Sunrise pitches plan for new facility in Vienna

Sunrise Assisted Living is proposing to build a four-story, 80-unit senior-living facility at 100-110 Maple Ave., E.

Sunrise Senior Living representatives on April 1 outlined numerous concessions, including a smaller mezzanine and a reduction in the number of units, designed to make their proposed facility at Maple Avenue, E., and Center Street, N., more palatable to Vienna officials.

Members of the Vienna Town Council and Vienna Planning Commission, who held a joint work session at Town Hall on Sunrise’s proposal, seemed guardedly pleased about the applicant’s plan modifications, but still had some questions about the building’s mezzanine and exterior.

The facility would be built at 100-110 Maple Ave., E., under Vienna’s Maple Avenue Commercial (MAC) zoning ordinance, which offers density bonuses in exchange for amenities and architectural features sought by the town government. The site now is home to a medical-office building and surface parking.

Sunrise is reducing the number of proposed units from 85 to 83, said Jerry Liang, senior vice president of development. In addition to assisted-living units, the facility would house residents with memory impairments on a secured third level, he said.

While technically only four stories tall (excluding underground parking), the building would have a fifth level, an 11,090-square-foot mezzanine, that would be located between the ground level and second floor and cover nearly half the area of the former.
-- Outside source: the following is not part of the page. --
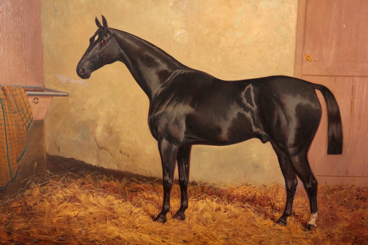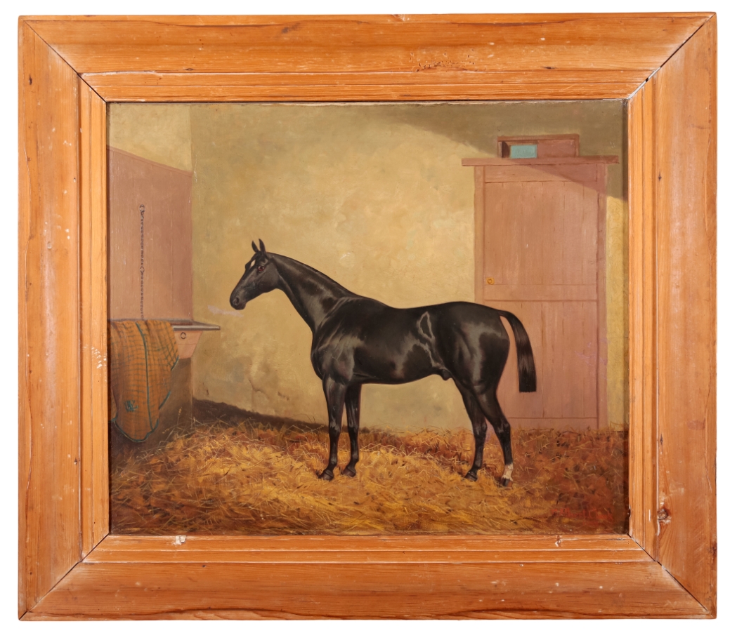 The painting is generally in good condition. The picture surface is stable and canvas surface tension is good; the painting seems to have been relined and restored. The picture bears some craquelure, as well as a notable mark below the horse's nose. The picture surface bears a glossy varnish layer. The frame bears some clear issues, including areas of discolouration and loss. The painting might benefit from being reframed. It comes from a private Surrey estate. Please see additional images available on request.

The mezzanine has been one of the project’s sticking points. Some officials at the meeting noted the proposed mezzanine was just under the town’s 50-percent coverage limit for the floor below because Sunrise had included a ground-floor parking area in its calculations.

The facility would be 54 feet tall, the most allowed under the MAC ordinance, but have a permitted cornice at Maple Avenue and Center Street that would extend even higher.

The ground floor would have common areas for Sunrise patrons and a grand staircase leading up to the mezzanine.

The staircase is a regular motif in Sunrise’s facilities that is designed to invoke a residential feel, Liang said, but elevators will be available to ferry physically challenged residents to the facility’s residential areas on the top three floors. The elevators will be capacious enough to fit gurneys in case of medical emergencies, he said.

“We don’t want to protect residents to a degree that infantilizes them,” Liang said.

While Sunrise would install some windows to connect the mezzanine with the first floor, Council member Tara Bloch said an open staircase or glass-sided one might better serve that purpose.

The ground floor also would have two retail bays covering a total of 5,700 square feet – a reduction from the 8,500 square feet Sunrise proposed last year. Company officials said they had heard loudly and clearly from the community that those retail areas should not be given over to mattress stores and day spas.

The facility will have a “green” roof to collect and filter stormwater, but no solar panels will be installed, Liang said. The structure will be designed to meet ENERGY STAR building standards, although not ones under the U.S. Green Building Council’s Leadership in Energy and Environmental Design (LEED) program.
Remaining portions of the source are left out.